Vinnie stiffened. “I’m afraid I’m not very good at that.”

“Suit yourself. Ben values your friendship, he’s told me how much. It’d do him good to see you. In two or three days, of course, we’ll have to tell him the whole story.”

Vinnie closed her eyes. “I’d give anything to spare him this ghastly, ghastly shock. Does he
have
to know?” She knew he did. If nothing else, he’d see Francis’s scarred wrists. “I know, I know …” she said, and started wearily out ahead of Dr. Samuels.

“One moment, Mrs. Tanning.” When she turned he was shaking his finger at her. “My dear lady, we don’t help those we love by hiding disagreeable things from them, any more than we help ourselves by refusing to face these things.”

What haven’t I faced? Thought Vinnie, squaring her shoulders.

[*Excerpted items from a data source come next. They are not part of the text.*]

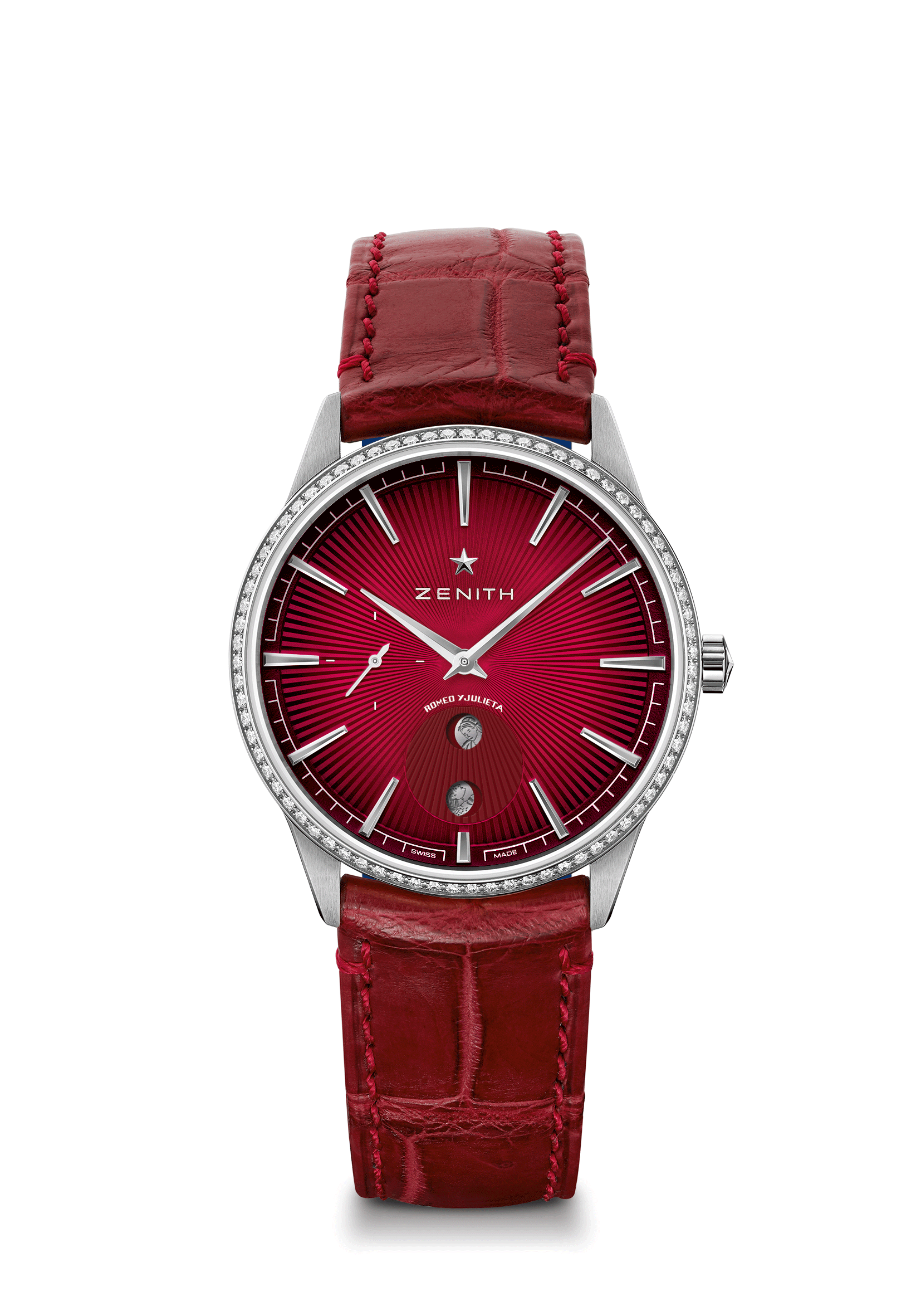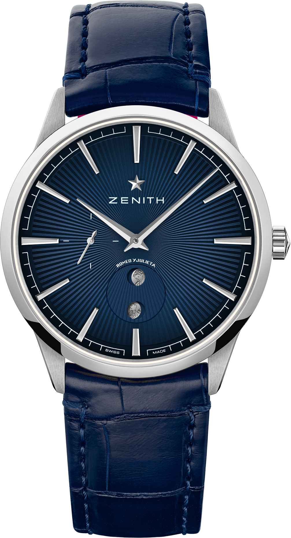 À travers la somptueuse création, Zenith a cherché à donner un caractère fantaisiste et romantique à son intemporelle Elite Moonphase. Ces éditions spéciales Elite en acier avec un boitier de 40,5 mm de diamètre pour la « Romeo » et de 36 mm avec lunette sertie de diamants pour la « Julieta ».
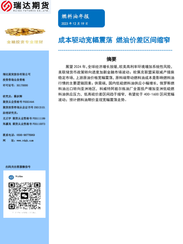 【瑞达期货】【20231220】燃料油年报:成本驱动宽幅震荡 燃油价差区间缩窄-19页 行业研究
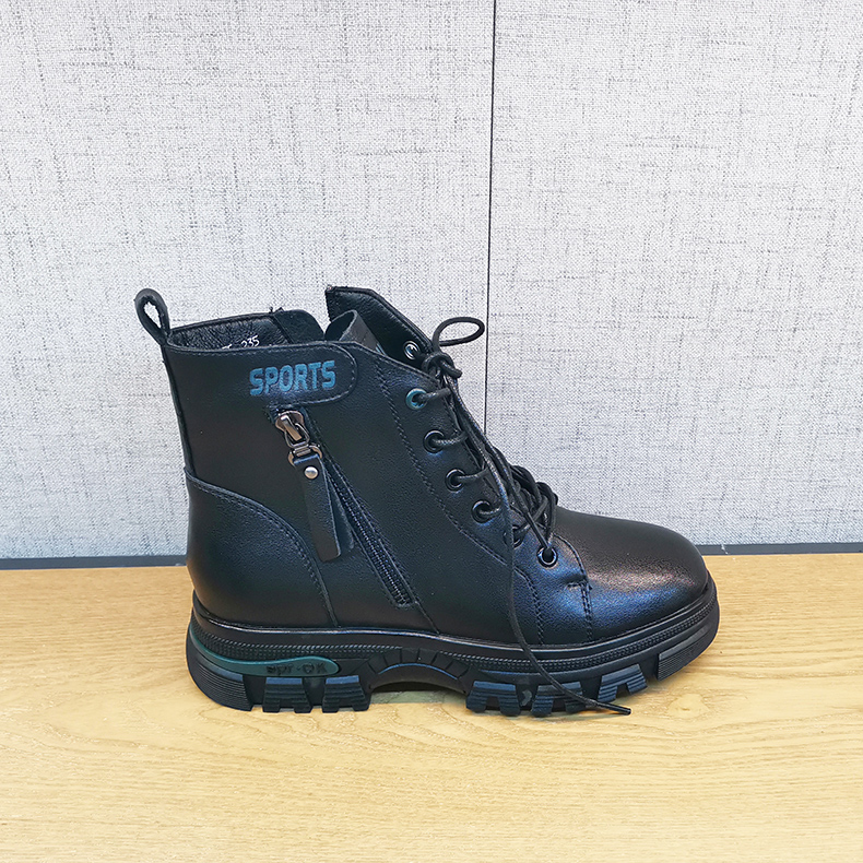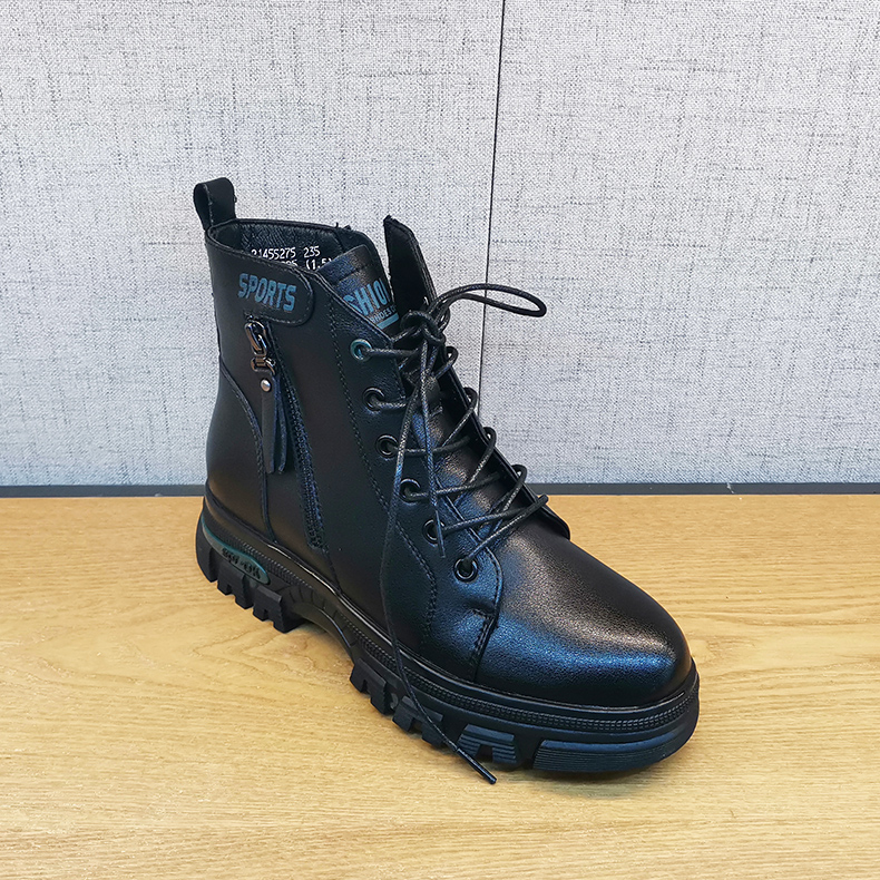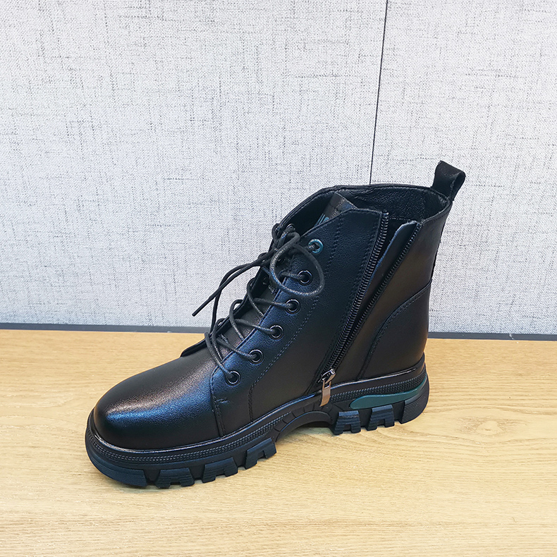 2021豪行冬季新款正品真皮舒适百搭加绒低跟女棉鞋短靴21455275
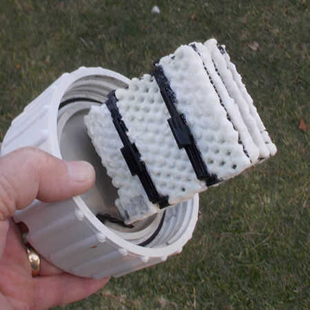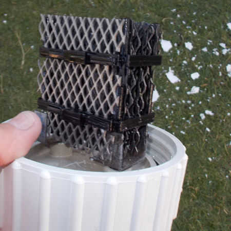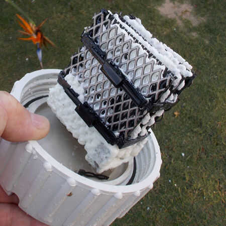 Ver foto arriba del clorador de sal tapado antes de ser rociado con arandela de presión, con el agua, y ajustar la presión que quería, el jet rápidamente corta los depósitos. La lavadora de presión quita los depósitos sin dañar los electrodos de cátodo y el ánodo.
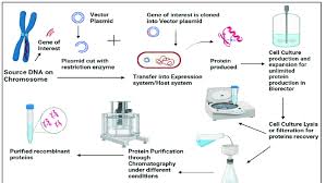 Recombinant expression involves inserting a gene of interest into a plasmid vector, which is then introduced into a host organism commonly E. coli.
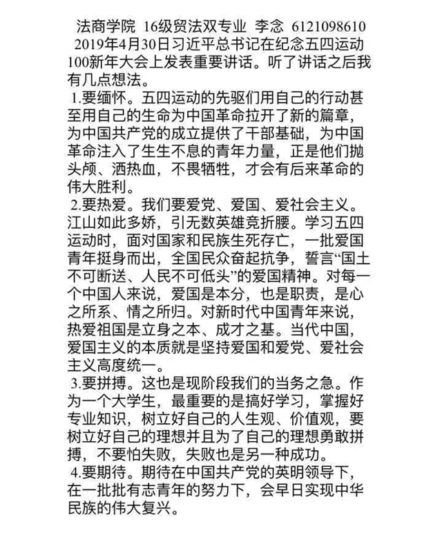 国家的希望在青年,民族的未来在青年,继续发扬五四精神,不辜负党和人民的期待,不辜负这个伟大的时代。让我们接棒五四爱国旗帜,将“青春梦”融入“中国梦”之中!
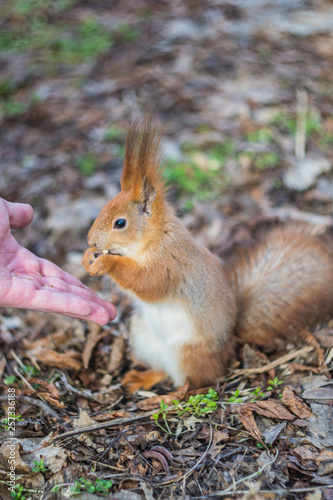 Obraz premium A European squirrel eating nuts from a stretched-out hand, in a park on a sunny spring day.
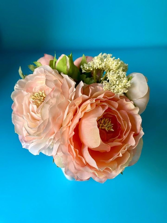 パールピンクとサーモンピンクのピオニーが優雅に咲き誇る、華やかなアレンジメントです。

The doctor kept right on. “I honestly don’t know why Ben
isn’t
as sick as he thinks, living in an atmosphere where people spare him, coddle him, treat him like the senile invalid he’s sure to become if this nonsense doesn’t stop. Believe you me, he’s strong enough in mind and body to cope with a far greater shock than this. I don’t know that it won’t do him good to cope with something real for a change. It
might just lead him nearer to life.”

These were ideas that Vinnie herself tried scrupulously to live by. But they left her uncheered, skeptical, even, of their relevance to the moment at hand. Something
real!
she thought wryly—real as a nightmare! She looked Dr. Samuels straight in the eye, as though she had found him out. He said no more, but beckoned her down two lengths of shining linoleum. Pausing in front of a door ajar, he expressed a final doubt. “Lady Good did tell you
precisely what happened to your son?”

“Yes, oh, yes!” said Vinnie, rapidly nodding.

The doctor made the gesture of washing his hands. “It’s unlikely, I’m afraid, that he’ll be able to lead a normal life, in the fullest sense.”

“Naturally, naturally!” she brought out with a sound like laughter. What on earth was he trying to say?

“We’ll do all we can for him, though, Dr. Sullivan and I.” And with this the little doctor, to whose solicitude there were limits, bowed her into Francis’s room and went his way down the corridor.